Die Waldeigentümer werdem zunehmend mit dem Thema Naturschutz im Wald konfrontiert. Die Auseinandersetzung über die Waldbewirtschaftung sei in den letzten Monaten härter geworden. So kam zum Beispiel eine Studie des WWfs kürzlich zum Schluss, dass die Kantone zu wenig für den Naturschutz im Wald tun. Der Verband der Schweizer Waldeigentümer wies den Vorwurf umgehend zurück. Ab 2005 setzt das Bundesamt für Umwelt (BAFU) darum mit dem Projekt «Grundanforderungen an den naturnahen Waldbau» einen Auftrag aus dem Waldprogramm Schweiz um. Das Projekt soll die ökologische Dimension der Nachhaltigkeit bei einer gleichzeitig angestrebten stärkeren Holznutzung sicherstellen. Wie NZZ-Online Rolf Manser, Leiter der Abteilung Wald des BAFU zitiert, soll dabei präzisiert werden, welche minimalen ökologischen Bedingungen bei der Waldbewirtschaftung gemäss geltendem Recht zu erfüllen sind. Während Naturschutzorganisationen solche Minimalanforderungen grundsätzlich begrüssen, haben Kantone und Waldeigentümer Vorbehalte und befürchten eine Anhebung der Anforderungen, ohne dabei entschädigt zu werden, heisst es auf NZZ-Online weiter. Es konnten deshab keine Grundstandarts festgelegt werden und der Bund wurde aufgefordert, das Vorgehen zu überdenken. Anscheinend habe der Vollzug der vorgeschlagenen Biodiversitätsanforderungen nicht zu unterschätzende ökonomische Auswirkungen auf die Forstbetriebe verursacht.

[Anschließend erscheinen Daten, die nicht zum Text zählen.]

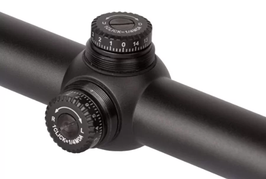 Прицелы серии Vortex Crossfire II оснащены механизмами ввода правок закрытого типов. Низкий профиль не мешает обзору. Цена клика ¼ МОА, за один оборот барабана сетка сместится на 15 угловых минут. Диапазон регулировок по двум остям составляет 50 МОА, чего вполне достаточно для упражнений в снайпинге.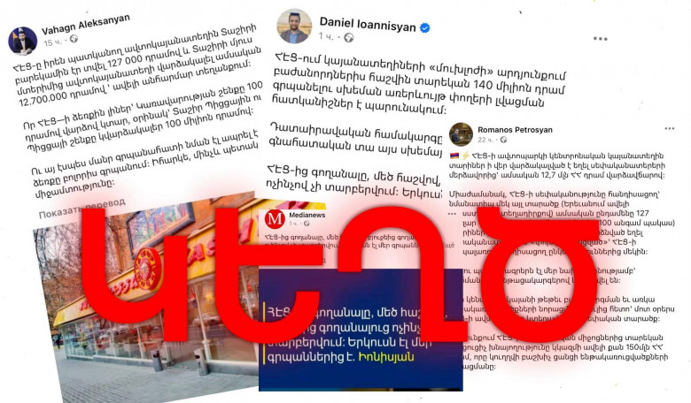 Պետական բյուջեից սնվող ռեսուրսները տարածում են կեղծ տեղեկություններ, նմանատիպ ծախսերը սակագնի մեջ ներառված չեն

Die Kernfrage ist also, wie hoch die Latte beim Naturschutz im Wald anzusetzen ist und wie sich die Leistungen finanzieren lassen. Antwort darauf wird durch die nationale Biodiversitätsstrategie gesucht, die zurzeit durch den Bund erarbeitet wird. Dabei ist nicht ausser Acht zu lassen, dass viele Waldeigentümer aus eigener Überzeugung bereits viel für den Naturschutz leisten.